▸ **Dataset extract**:
┌──

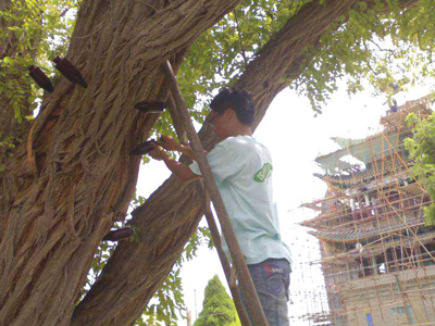 據(jù)駐寺學(xué)員納新輝介紹,2004年之前兩棵槐樹年年開(kāi)花,2004年之后卻突然沒(méi)了動(dòng)靜,大家都以為它們要“不行了”。 2011年,永寧縣林業(yè)局派專家前來(lái)為老樹“看病”并開(kāi)出“處方”。經(jīng)過(guò)三年多“治療”和“休養(yǎng)”,兩棵百年古槐再次鮮花怒放,恢復(fù)了往夕風(fēng)采,成為納家戶一道靚麗風(fēng)景。
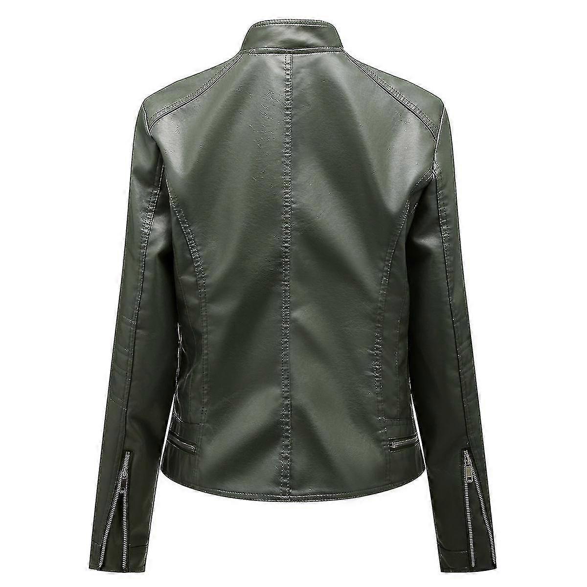 Women's Solid Color Stand Collar Zip Slim Short Leather Jacket
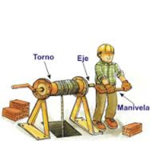 Al aplicar una fuerza sobre la manivela de la rueda para hacerla girar el eje que es más delgado gira con mayor fuerza lo cual hace que se pueda mover una carga pesada con un pequeño mecanismo o máquina es el torno.
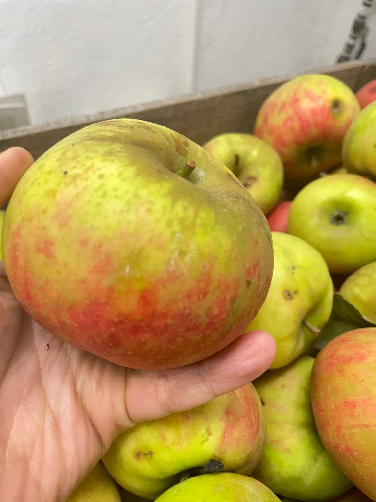 Coxe’s Orange: A classic English apple, often regarded as the finest of all dessert apples… It arose in England in the 19th century as a chance seedling, and has inspired apple lovers ever since. It remains unsurpassed for its richness and complexity of flavour.

└──

▸ **Exercise**:
Extract all the data above exactly, excluding every picture.

▸ **Answer to the exercise**:
 據(jù)駐寺學(xué)員納新輝介紹,2004年之前兩棵槐樹年年開(kāi)花,2004年之后卻突然沒(méi)了動(dòng)靜,大家都以為它們要“不行了”。 2011年,永寧縣林業(yè)局派專家前來(lái)為老樹“看病”并開(kāi)出“處方”。經(jīng)過(guò)三年多“治療”和“休養(yǎng)”,兩棵百年古槐再次鮮花怒放,恢復(fù)了往夕風(fēng)采,成為納家戶一道靚麗風(fēng)景。
 Women's Solid Color Stand Collar Zip Slim Short Leather Jacket
 Al aplicar una fuerza sobre la manivela de la rueda para hacerla girar el eje que es más delgado gira con mayor fuerza lo cual hace que se pueda mover una carga pesada con un pequeño mecanismo o máquina es el torno.
 Coxe’s Orange: A classic English apple, often regarded as the finest of all dessert apples… It arose in England in the 19th century as a chance seedling, and has inspired apple lovers ever since. It remains unsurpassed for its richness and complexity of flavour.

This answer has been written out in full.